Based on my experience on what Unicode UAX#11 state, this is exactly what should happen (OTOH I don't think I would want to implement UAX#11 fully in a terminal emulator, but that doesn't take away from this specific issue).

My whole point in this is that I believe there is a point of view which gives the user more control over visual appearances and make life easier for the developer and lead to more predictable results.

You don't have to believe me, just look at how many text editors treat PUA codepoints; my impression is that they do look at how wide a glyph is in whatever font turns out to be responsible for that codepoint and allot space accordingly.

FYI & FWIW two links from similar discussions (Kitty does get mentioned, too):

bersace commented 4 years ago

I'm maintaining a powerline prompt for bash, so i'm the other half of the duo.

Having inconsistent icon size is weird. I can't add a variable number of spaces depending on terminal in my prompt.
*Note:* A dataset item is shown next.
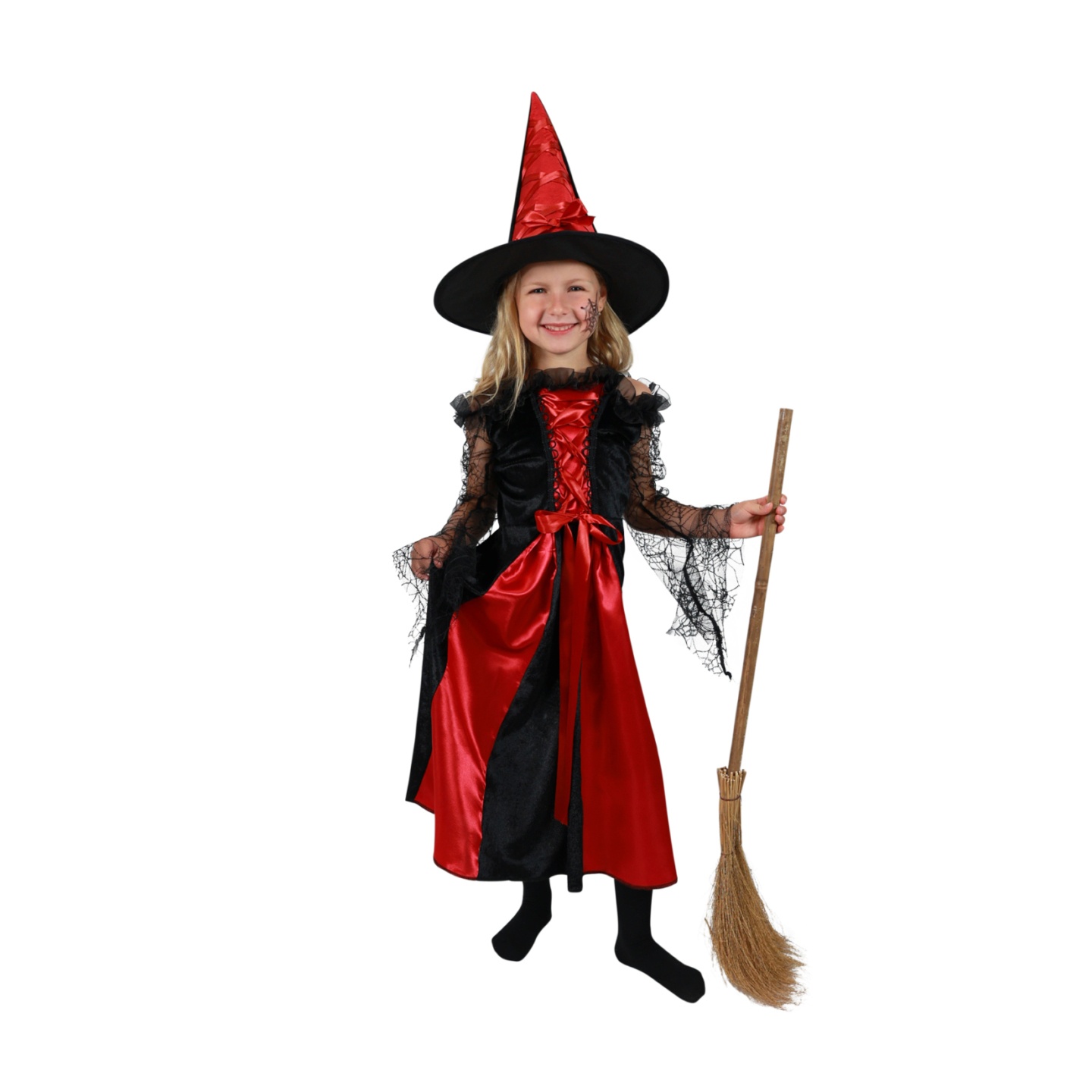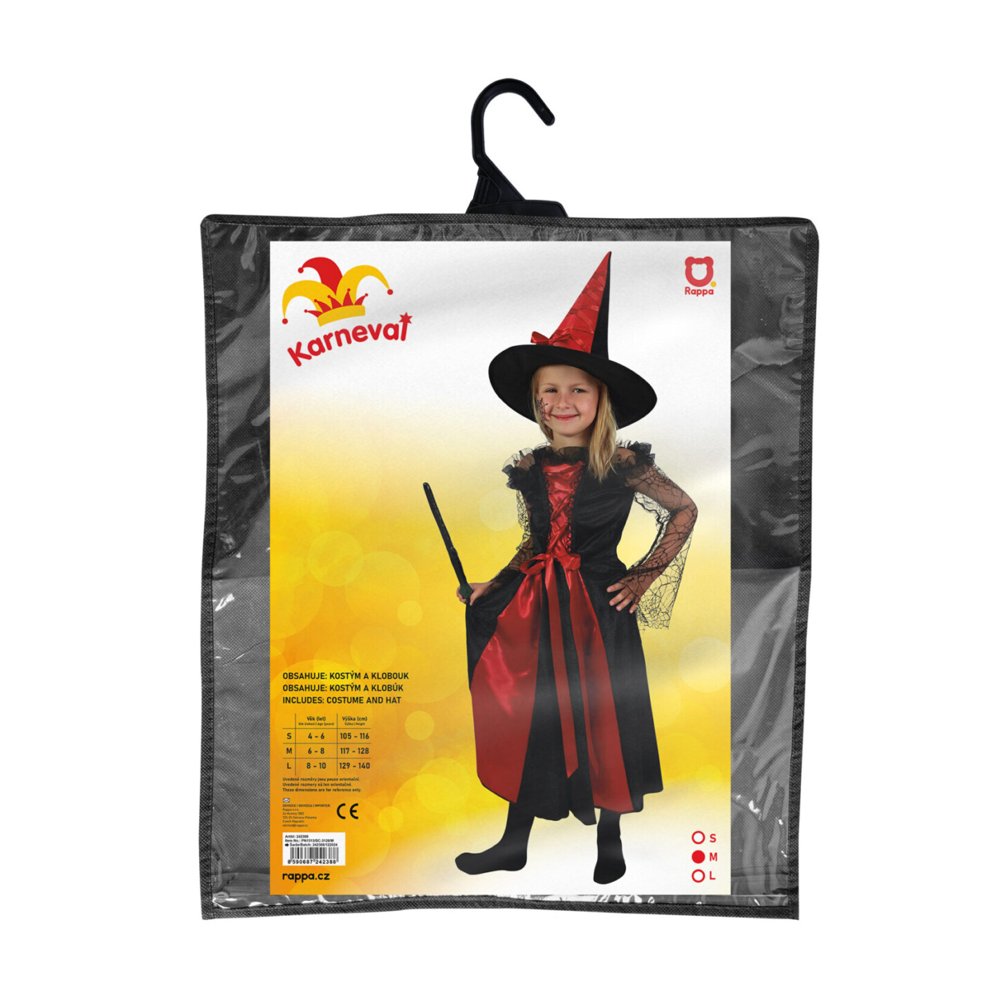 Roztomilý karnevalový kostým černo-červené barvy udělá radost každé holčičce! Souprava obsahuje šaty s pavučinkovými rukávy a klobouk s mašlí. Set ve velikosti M je určen pro holčičky ve věkovém rozmezí 6-8 let (117-128 cm). Vhodný i na oslavu Halloweenu! Koště ani hůlka nejsou součástí...

I expect icon size to be determinist. For example, all icons are render with same height, centered. If there is not enough leading spaces for the width of the symbol, I accept that kitty truncates it (is it possible ?) or something else, but not resizing. I think that resizing glyphs does not fit icon case.

Output in kitty :

Output with vte:

Vte looks more consistent. Python icons is smaller and git icons is bigger than kitty.

@kovidgoyal Can you point us to the rational behind resizing glyphs ? Would it be another solution for icons without trailing space ?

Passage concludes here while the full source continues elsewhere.